LocalBlox, a data firm that bills itself as "a powerful, scalable and distributed data acquisition platform" is the latest company to mistakenly leave data out in the open on a publicly accessible Amazon Web Services (AWS) S3 bucket.
The company, based in Bellevue, Wash. left a slew of data online; 48 million records containing information on tens of millions of individuals including names, addresses, and dates of birth. The dataset also included data apparently scraped from Twitter handles, along with LinkedIn and Facebook profiles. Data from Zillow, a popular real estate site, has also been scraped and composited into the dataset.
The company was notified of the unsecured bucket by researchers with UpGuard, a Mountain View firm that's had a knack for uncovering data sets like this as of late. The firm notified LocalBlox on February 28 and the bucket was secured later that day, UpGuard said Wednesday.
The bucket contained a single 151.3 GB compressed file that decompressed to a 1.2 terabyte Newline Delimited JSON file. According to researchers, who combed through the dataset when they first came across it in a subdomain, “lbdumps,” on February 8, each record is in JSON format.
Blog Post The Data Breach (Amazon) Bucket List |
Also of interest are source fields that appear to be scraped from other data sources.

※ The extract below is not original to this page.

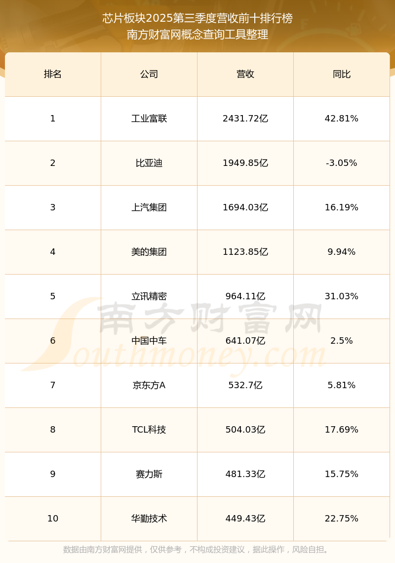 按照南方財(cái)富網(wǎng)概念查詢工具統(tǒng)計(jì),該股所屬板塊為芯片板塊,該板塊共有900只股票,普冉股份2025第三季度營(yíng)收在該板塊中排名為第423名,該板塊2025第三季度營(yíng)收排名前十的股票如下表: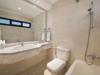 При бронировании выставили цену 411 долларов, по факту взяли 530. Говорят, что это Букинг берет сверху. При бронировании не видно окончательной цены. Это нарушение закона прав потребителей. Буду писать жалобу на Букинг в Роспотребнадзор. Отель очень старый, поселили сначала в убитый грязный номер с жуткой ванной, вонючим неработающим холодильником, чёрными застиранными полотенцами и бельём, после претензий переселили на следующий день в нормальный. Это такая модель продаж. Сначала лицом в грязь, потом халат, тапки, фруктовая тарелка и бесплатный трансфер. Обманули, но потом раскаялись. Спасибо, но это неприемлемо.

"Some are fairly unambiguous, pointing to aggregated content, purchased marketing databases, or even information caches sold by payday loan operators to businesses seeking marketing data," researchers with the firm wrote.
Like many caches of data left unsecured in a S3 bucket, anyone could have accessed and downloaded the files without a password.
News of the leak comes almost a month to the day after it was revealed upstart voter-profiling company Cambridge Analytica had mined the private data of 87 million Facebook users, most of them from the U.S., without their permission. The data firm gathered the information via a personality quiz app designed by researcher Aleksandr Kogan which leveraged Facebook’s Graph API.
Judging by the names of some fields in the dataset UpGuard suggests LocalBlox may have scraped data on users from Facebook's HTML, instead of the API.
Regardless it demonstrates how easy it can be - or at least was - for a data analytics firm to harvest data from Facebook. Facebook of course, in wake of the Cambridge Analytica scandal, announced plans to restrict data access on the platform earlier this month. The service has since curbed how its Pages API, Groups API, and Events API, to name a few, function.